AdobeStock_299697550Many businesses and nonprofits use QuickBooks® as a cost-effective solution to manage their accounting processes. However, the software’s capabilities extend beyond organizing and streamlining your company’s accounting. QuickBooks can also help you detect fraud. Here’s an overview of the software’s fraud detection and prevention features:

 

Transaction audit trails 

QuickBooks creates audit trails that capture user activities. This can help your company identify unauthorized changes.

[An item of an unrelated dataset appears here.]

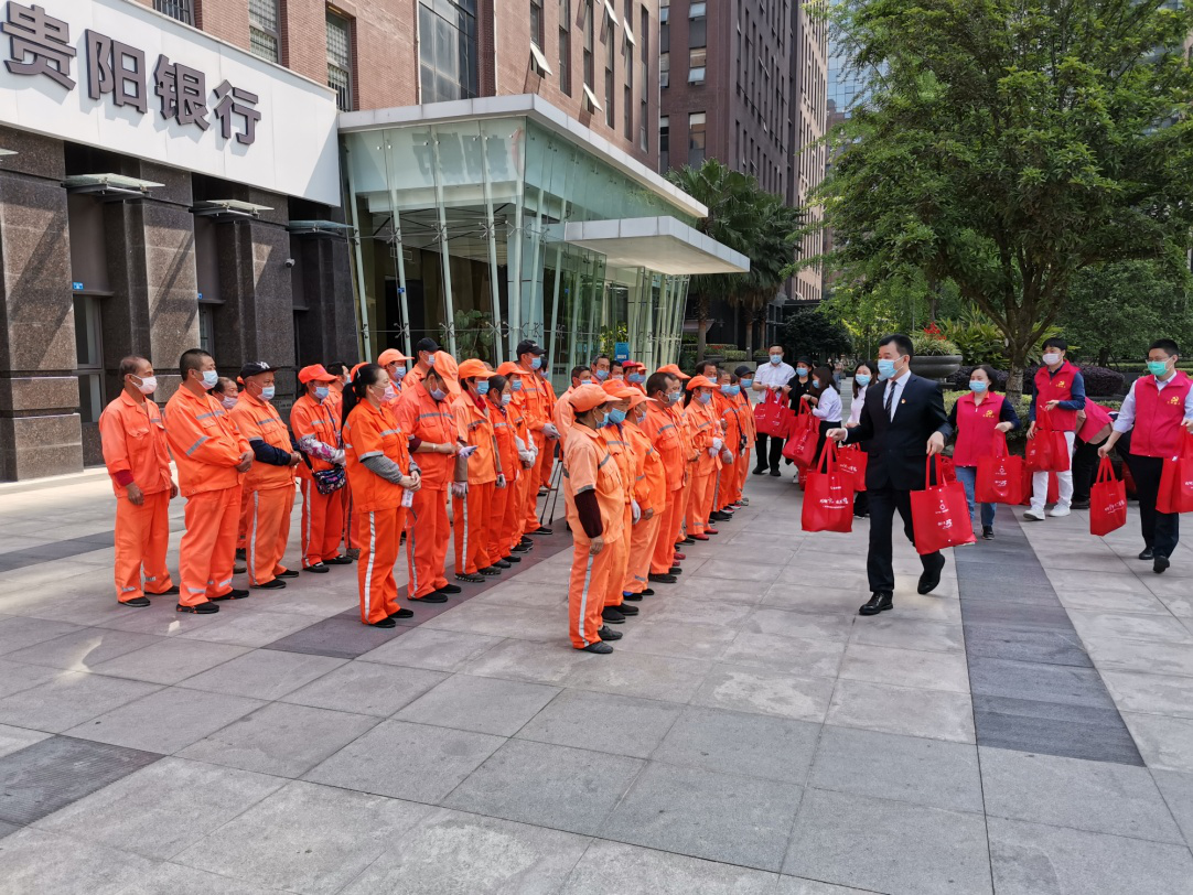 贵阳银行成都高新支行副行长袁锦竹作为党员志愿者代表向环卫工人们致感谢词,各组组长和党员志愿者也分享志愿服务心得,并为环卫工人送上了口罩、香皂、洗衣粉等爱心慰问物资。

The audit trail includes:

  • The transaction date,
  • The user’s name, and
  • The type of change.

Administrators can apply filters to audit log data that can help evaluate what’s happening and determine whether further analysis is required.

Trend detection and analysis

QuickBooks can generate accounts receivable and accounts payable aging reports to identify unusual balances. Creating periodic and ad-hoc financial statements can help uncover sudden changes or irregularities in revenue, expenses and cash flow. Unexplained anomalies can foreshadow asset misappropriation and financial misstatement schemes.

Exception reporting

Exception reports can be used to flag transactions that deviate from established patterns or thresholds. Customized reports can focus on specific areas of concern, such as duplicate payments, unusual expense categories, voided transactions and vendor payments. QuickBooks also makes it easier to perform bank reconciliations to detect discrepancies between bank and company records that can signal fraud.

User roles and access

Controlling access to data and limiting a user’s ability to engage in certain transactions is a crucial component of an effective internal control system. QuickBooks allows businesses to assign predefined and customized user access. Simply put, by limiting user access rights, your business can reduce the likelihood of fraud happening.

Fraud awareness

In general, QuickBooks streamlines the detection, reporting and investigation of potential fraud. In turn, this creates a culture of fraud awareness that filters from the accounting department to the rest of the organization — and demonstrates that management is watching out for dishonest behavior. Proactive managers can thwart would-be fraudsters by minimizing perceived opportunities for fraud to happen, thereby minimizing the organization’s potential for losses.